=== Exercise ===
Transcribe each entry below exactly. Pictures do not go in the copy.

=== Supplied material ===
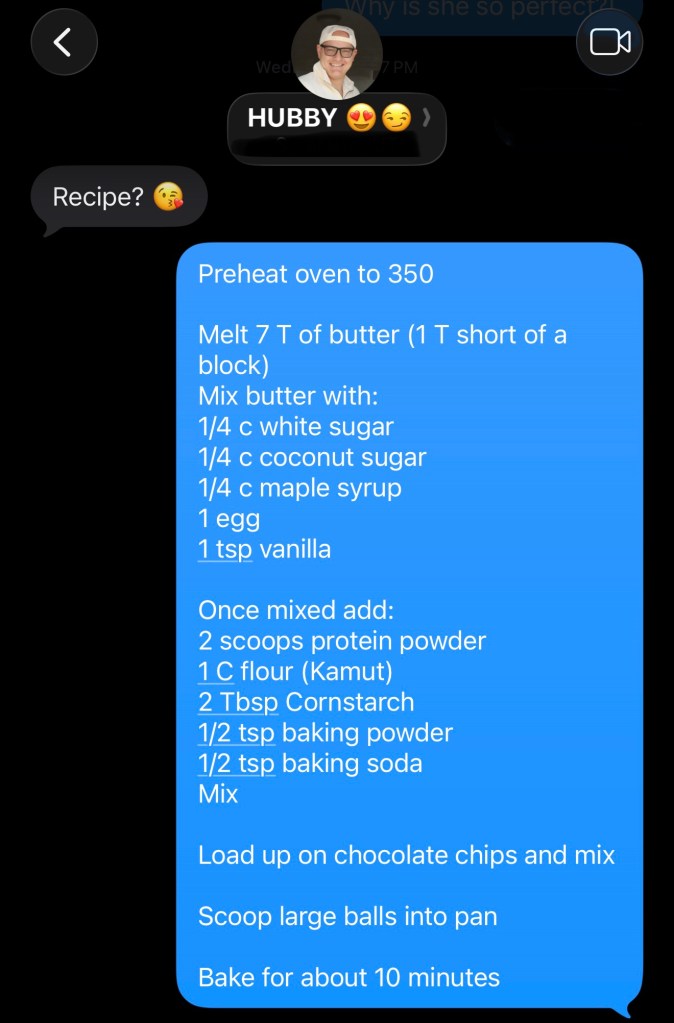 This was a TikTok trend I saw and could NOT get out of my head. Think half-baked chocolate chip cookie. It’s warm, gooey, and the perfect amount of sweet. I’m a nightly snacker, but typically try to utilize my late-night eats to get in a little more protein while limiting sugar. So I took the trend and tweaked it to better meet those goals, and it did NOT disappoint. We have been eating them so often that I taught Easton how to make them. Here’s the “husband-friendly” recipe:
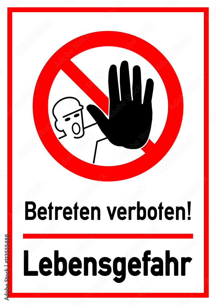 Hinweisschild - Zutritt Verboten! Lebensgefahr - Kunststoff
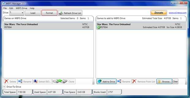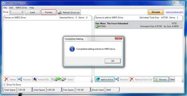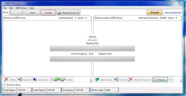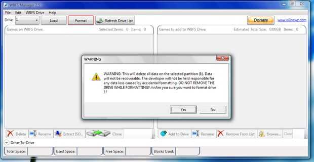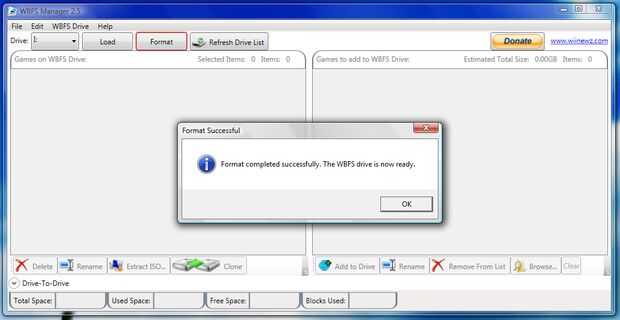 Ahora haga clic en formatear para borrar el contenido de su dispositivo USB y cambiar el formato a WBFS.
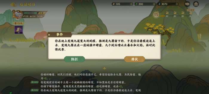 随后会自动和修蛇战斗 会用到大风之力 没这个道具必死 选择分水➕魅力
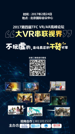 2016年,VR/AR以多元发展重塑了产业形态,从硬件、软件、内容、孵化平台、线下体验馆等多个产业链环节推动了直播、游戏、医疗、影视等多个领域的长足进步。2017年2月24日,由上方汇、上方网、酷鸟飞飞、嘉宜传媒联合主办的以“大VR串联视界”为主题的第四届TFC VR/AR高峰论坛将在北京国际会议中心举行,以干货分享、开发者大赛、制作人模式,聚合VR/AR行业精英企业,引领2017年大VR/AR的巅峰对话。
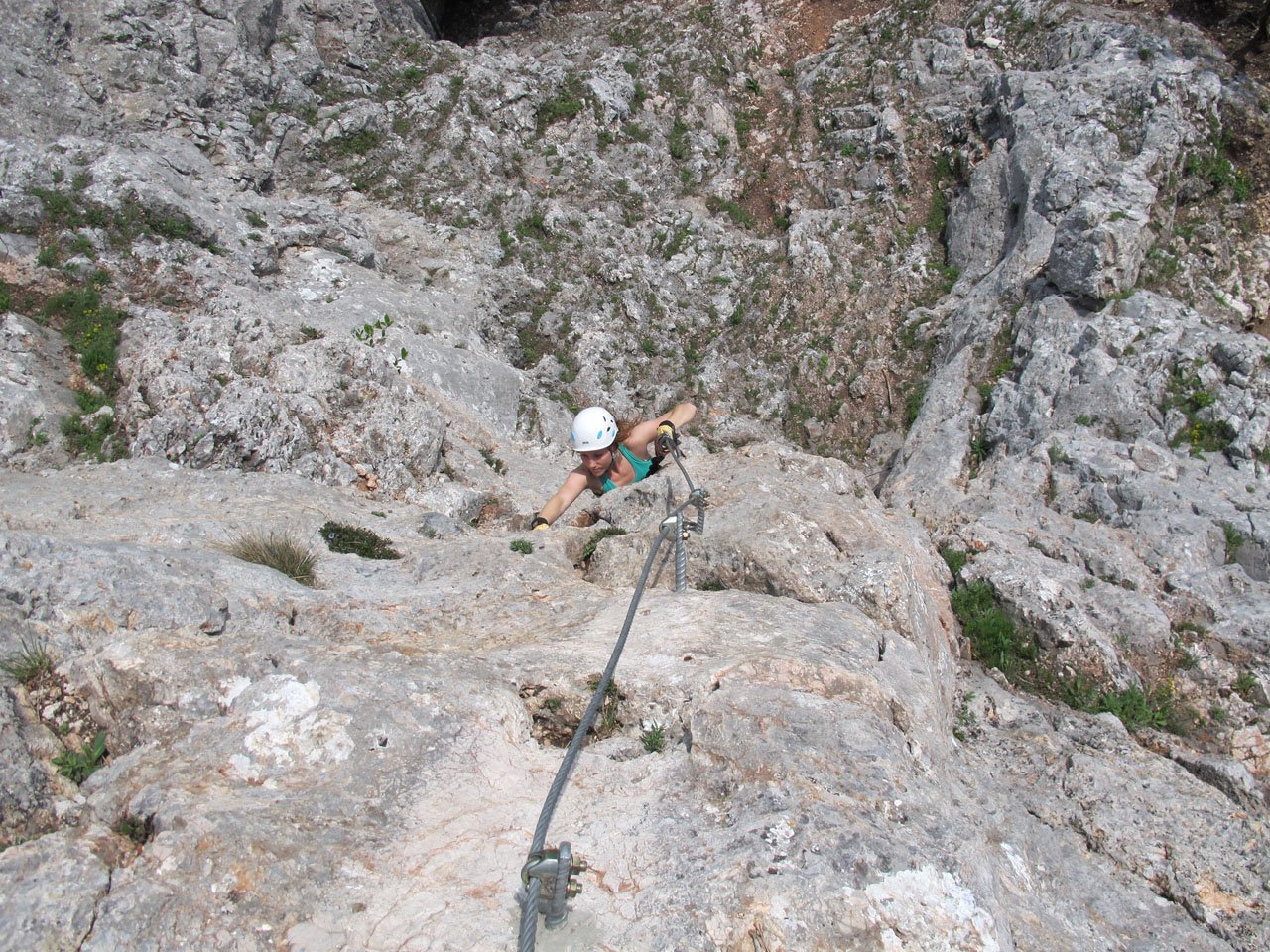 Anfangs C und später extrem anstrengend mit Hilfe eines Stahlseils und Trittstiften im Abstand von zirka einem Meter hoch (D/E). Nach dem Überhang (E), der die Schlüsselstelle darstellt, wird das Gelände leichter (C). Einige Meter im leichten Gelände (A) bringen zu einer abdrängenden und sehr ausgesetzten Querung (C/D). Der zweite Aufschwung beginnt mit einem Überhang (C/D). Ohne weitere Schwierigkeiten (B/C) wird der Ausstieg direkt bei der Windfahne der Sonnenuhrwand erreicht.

=== Answer space ===
 This was a TikTok trend I saw and could NOT get out of my head. Think half-baked chocolate chip cookie. It’s warm, gooey, and the perfect amount of sweet. I’m a nightly snacker, but typically try to utilize my late-night eats to get in a little more protein while limiting sugar. So I took the trend and tweaked it to better meet those goals, and it did NOT disappoint. We have been eating them so often that I taught Easton how to make them. Here’s the “husband-friendly” recipe:
 Hinweisschild - Zutritt Verboten! Lebensgefahr - Kunststoff
 Ahora haga clic en formatear para borrar el contenido de su dispositivo USB y cambiar el formato a WBFS.
 随后会自动和修蛇战斗 会用到大风之力 没这个道具必死 选择分水➕魅力
 2016年,VR/AR以多元发展重塑了产业形态,从硬件、软件、内容、孵化平台、线下体验馆等多个产业链环节推动了直播、游戏、医疗、影视等多个领域的长足进步。2017年2月24日,由上方汇、上方网、酷鸟飞飞、嘉宜传媒联合主办的以“大VR串联视界”为主题的第四届TFC VR/AR高峰论坛将在北京国际会议中心举行,以干货分享、开发者大赛、制作人模式,聚合VR/AR行业精英企业,引领2017年大VR/AR的巅峰对话。
 Anfangs C und später extrem anstrengend mit Hilfe eines Stahlseils und Trittstiften im Abstand von zirka einem Meter hoch (D/E). Nach dem Überhang (E), der die Schlüsselstelle darstellt, wird das Gelände leichter (C). Einige Meter im leichten Gelände (A) bringen zu einer abdrängenden und sehr ausgesetzten Querung (C/D). Der zweite Aufschwung beginnt mit einem Überhang (C/D). Ohne weitere Schwierigkeiten (B/C) wird der Ausstieg direkt bei der Windfahne der Sonnenuhrwand erreicht.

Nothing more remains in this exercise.